# Piko smoke solution for USA trains



## mymodeltrain (May 14, 2013)

I wonder if anybody has experience regarding the smoke solution. I tried to generate smoke from my USA train using Piko smoke solution but it didn't work. What I observed was boiling liquid in the smoke chamber but not smoke.


----------



## Totalwrecker (Feb 26, 2009)

None of the Smoke generators make smoke, they all vaporize oils. None of the fake smokes are black, closest I came was Blue smoke...from the tender... oh the woe. 

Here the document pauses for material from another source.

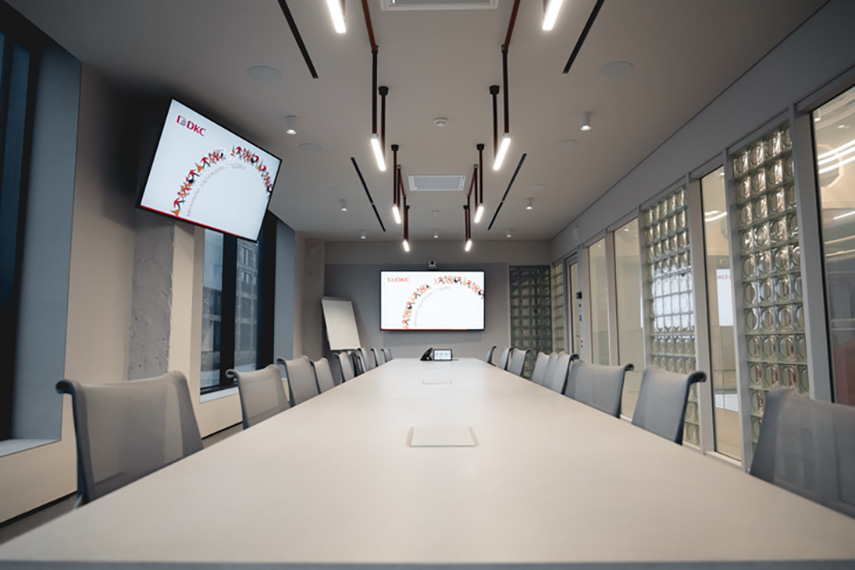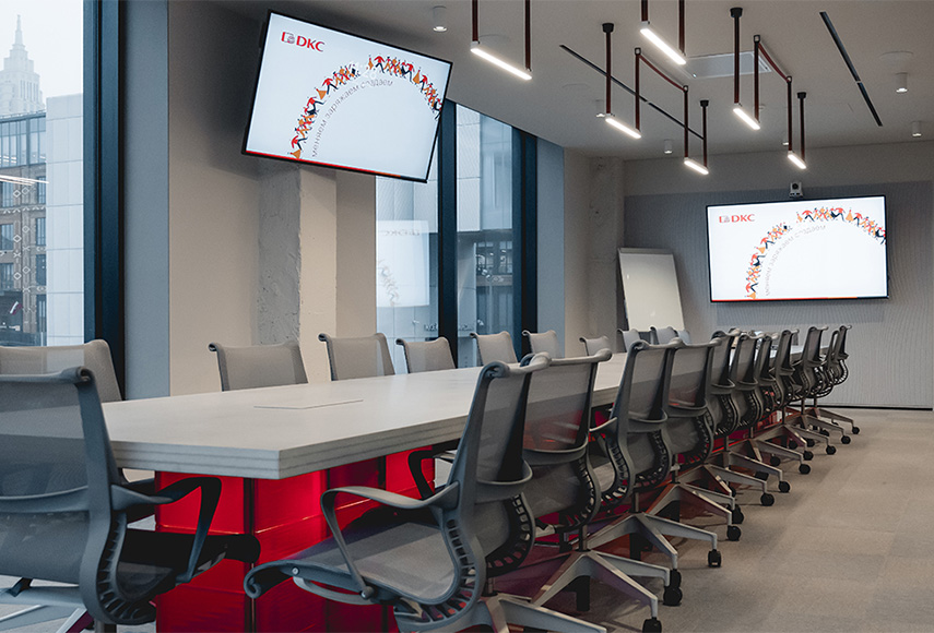 Компания IP Video Systems провела оснащение нового московского офиса АО «ДКС» — одного из лидеров в производстве кабеленесущих систем. От интегратора требовалось не просто установить оборудование, а создать под ключ единую, интуитивно понятную и отказоустойчивую мультимедийную среду. На этапе ремонтных работ нужно было спроектировать и интегрировать комплексные АВ- и ВКС-решения по всему объекту — от малых переговорных до многофункционального амфитеатра.

I don't bother trying anymore.... 

John


----------



## Dan Pierce (Jan 2, 2008)

Which USA train? Newer models have a fan driven unit, older models just used a wick and that needed to be less than 2/3 full to enable the wick to work.


----------



## Greg Elmassian (Jan 3, 2008)

Also, how many drops did you put in? 

Greg


----------



## mymodeltrain (May 14, 2013)

Thanks for help. Mine is the Virginia and Truckee model.


----------



## mymodeltrain (May 14, 2013)

Greg, I used about 10 drops. The liquid was still way on the bottom of the smoke chamber.


----------



## Greg Elmassian (Jan 3, 2008)

Should be ok, can you tell which smoke unit you have? If you have the fan driven ones you should be able to hear the fan. 

Also, if it is the earlier one, with no fan, you can usually see a slender thin white "stick" with the wire wrapped around it. 

Interesting, the "boiling" usually indicates the older type, non-fan driven. They do not hold a lot of fluid, try 20 drops additional. 

They don't work very well, be sure you are running at a high enough voltage, over 12 volts. 

Greg


----------



## mymodeltrain (May 14, 2013)

Thanks for help, I could generate smoke for my USA train using Piko smoke solution now. Greg is correct, 10 drops of solution is the optimal condition, more than that didn't produce effective smoke.


----------



## Greg Elmassian (Jan 3, 2008)

Yes, the ones that are not fan driven are very dependent on fluid level. 

This is basically because of the very simple design, and you can "drown" the heating element. 

The more sophisticated units have a fan, and usually a larger fluid reservoir and a long wick to pull the fluid up to a larger heating element. 

Regards, Greg


----------